For clarity, the input settings of the Actor are organized according to the above stages. Note that input settings have reasonable defaults—the only mandatory setting is the Start URLs.

Crawling

Website Content Crawler only needs one or more Start URLs to run, typically the top-level URL of the documentation site, blog, or knowledge base that you want to scrape. The actor crawls the start URLs, finds links to other pages, and recursively crawls those pages, too, as long as their URL is under the start URL.

For example, if you enter the start URL https://example.com/blog/, the actor will crawl pages like https://example.com/blog/article-1 or https://example.com/blog/section/article-2, but will skip pages like https://example.com/docs/something-else.

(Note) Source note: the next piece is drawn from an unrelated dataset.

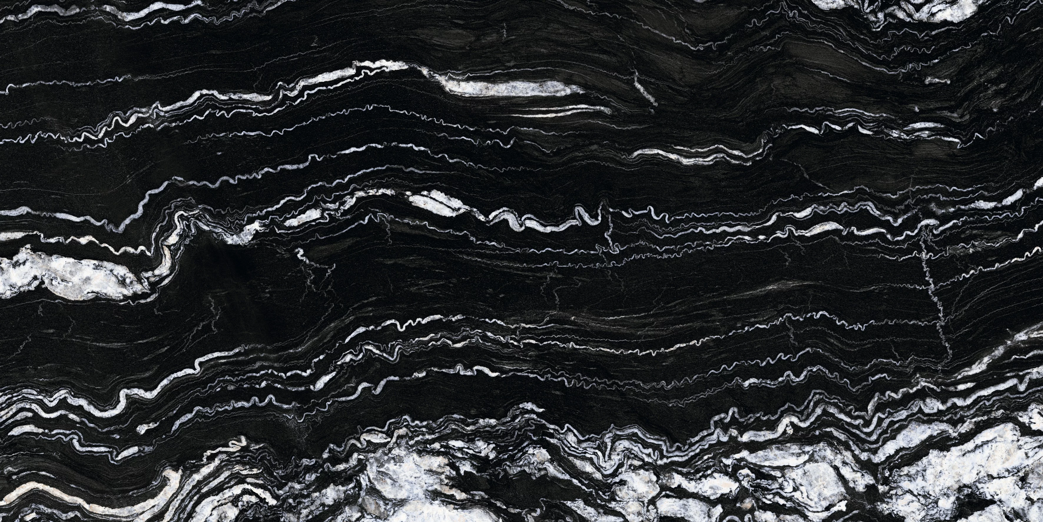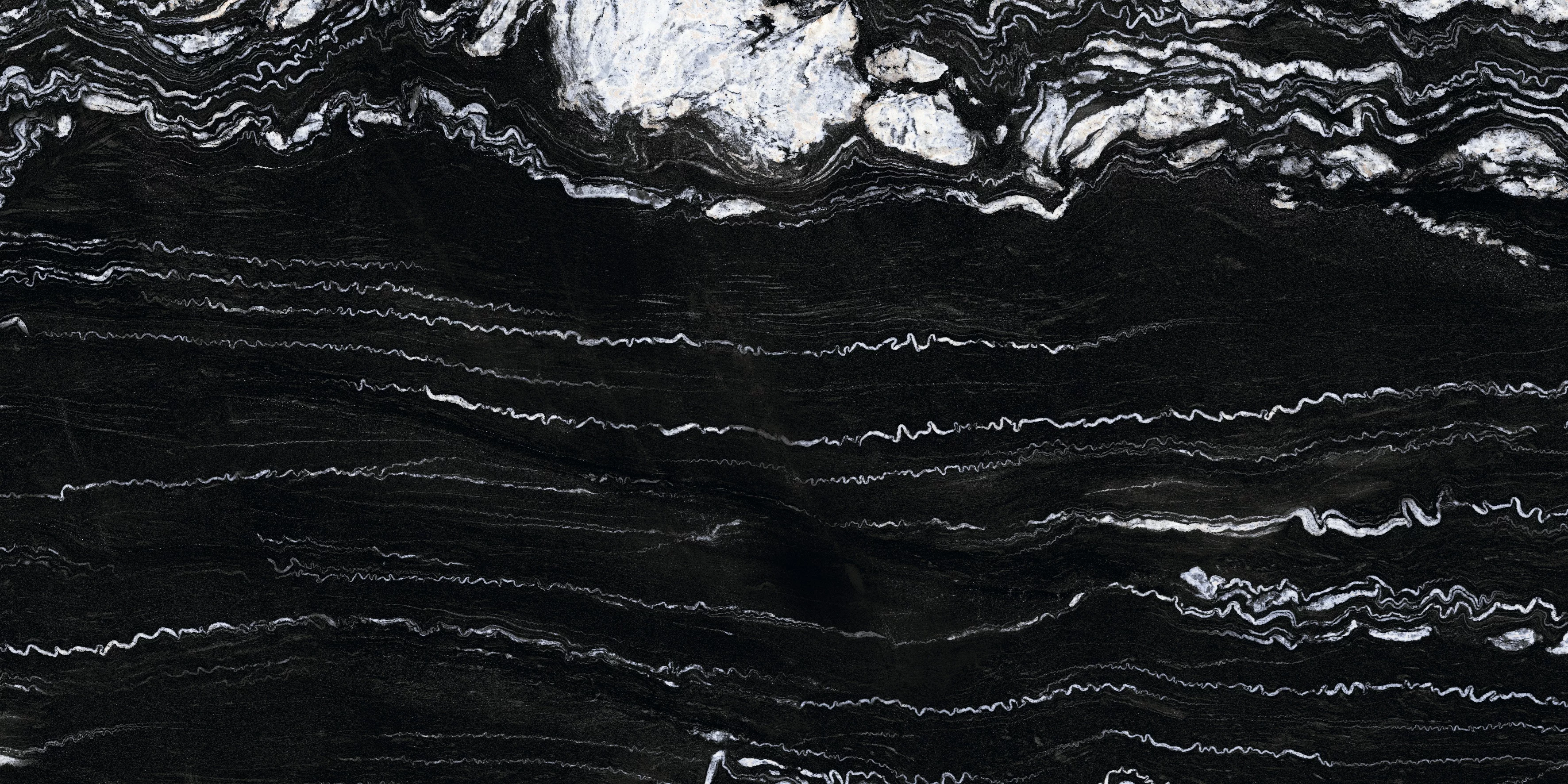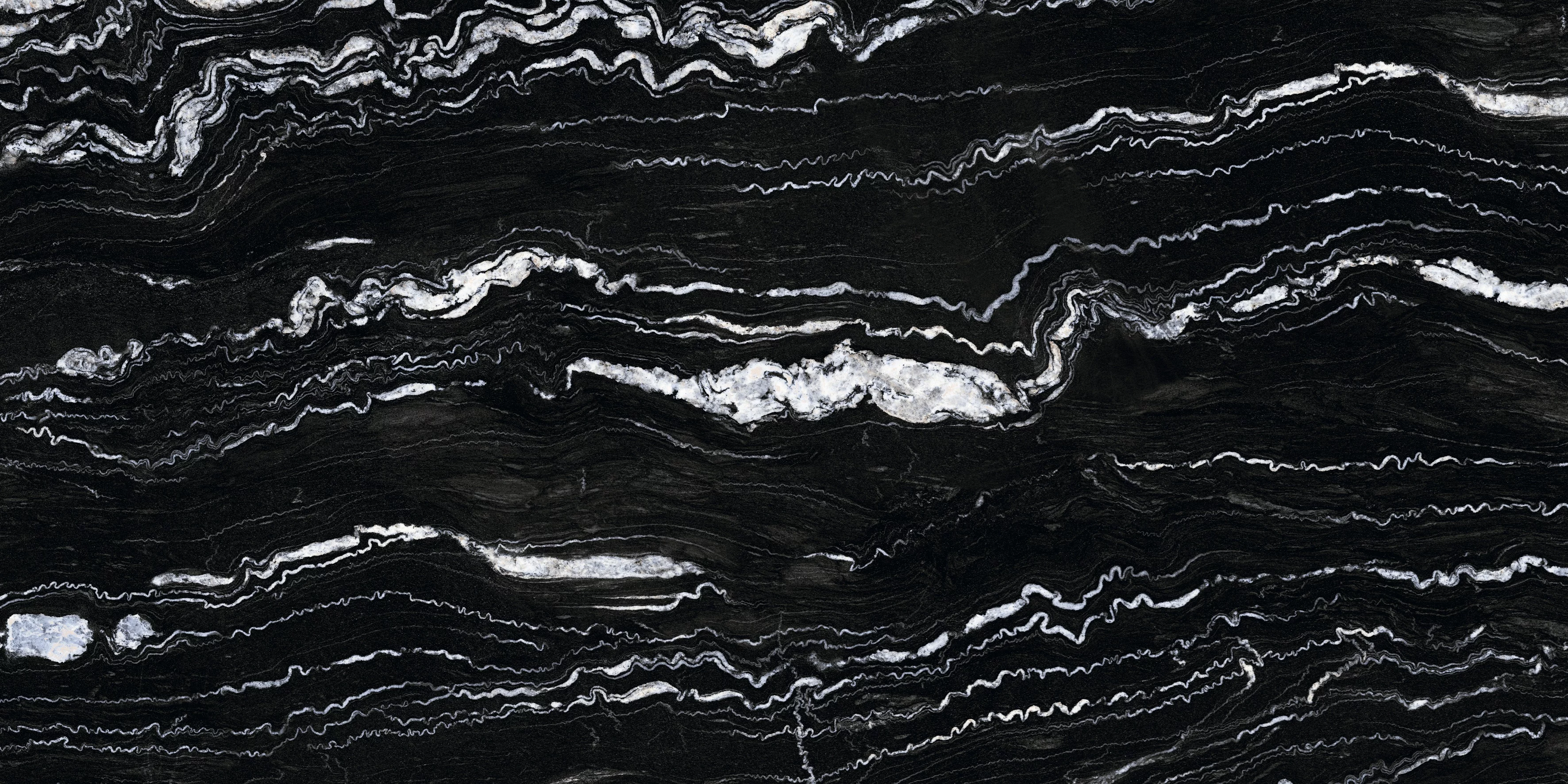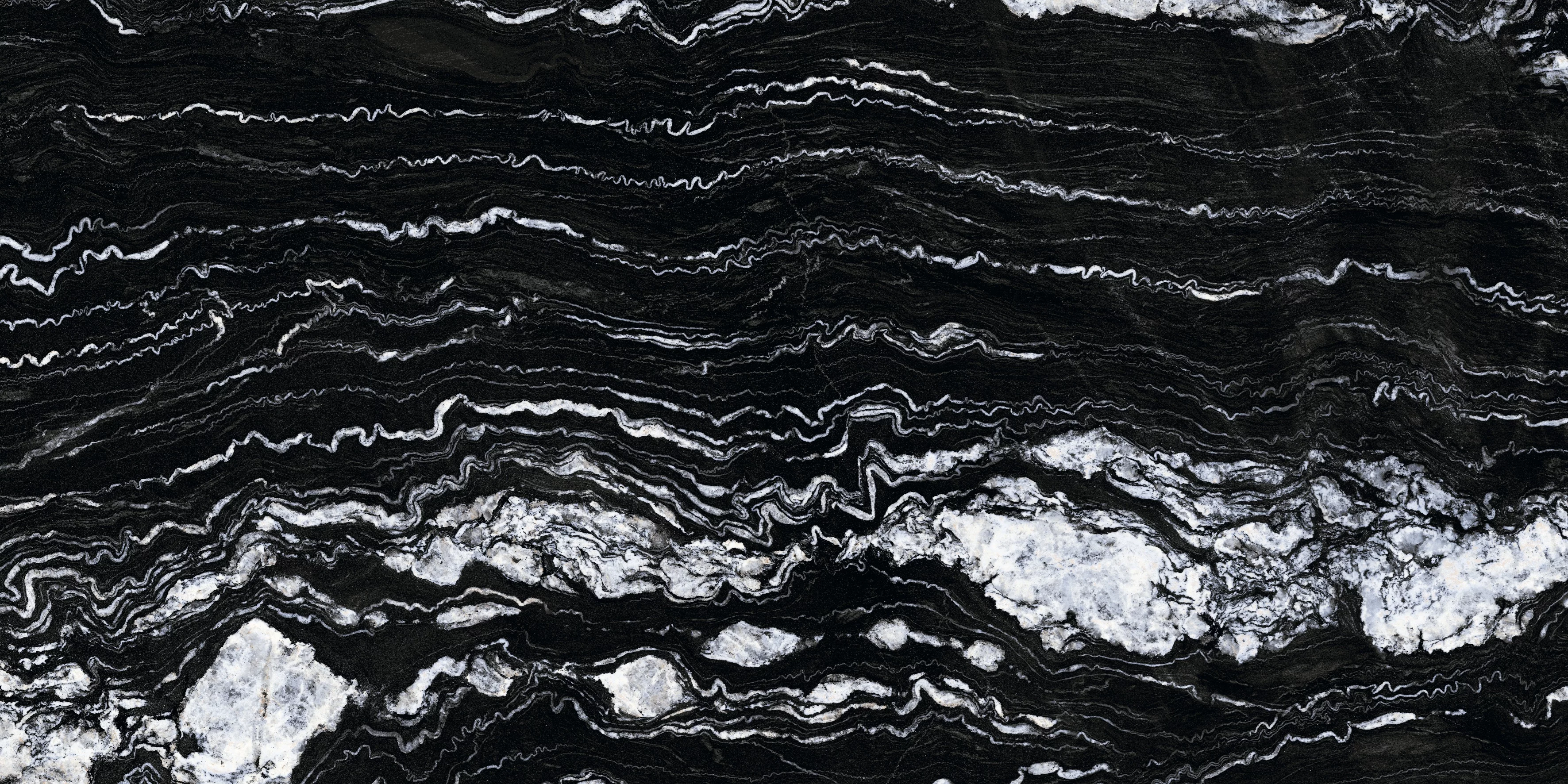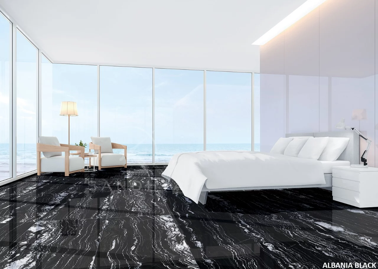 Gresia ALBANIA BLACK se remarcă prin contrastul spectaculos dintre fundalul negru intens și venele albe ondulate, care creează un efect vizual dramatic și luxos.

You can also force the crawler to skip certain URLs using the Exclude URLs (globs) input setting, which specifies an array of glob patterns matching URLs of pages to be skipped. Note that this setting affects only links found on pages, but not Start URLs, which are always crawled. For example, https://{store,docs}.example.com/** will exclude all URLs starting with https://store.example.com/ and https://docs.example.com/. Or https://example.com/**/*\?*foo=* exclude all URLs that contain foo query parameter with any value. You can learn more about globs and test them here.

The Actor automatically skips duplicate pages identified by the same canonical URL; those pages are loaded and counted towards the Max pages limit but not saved to the results.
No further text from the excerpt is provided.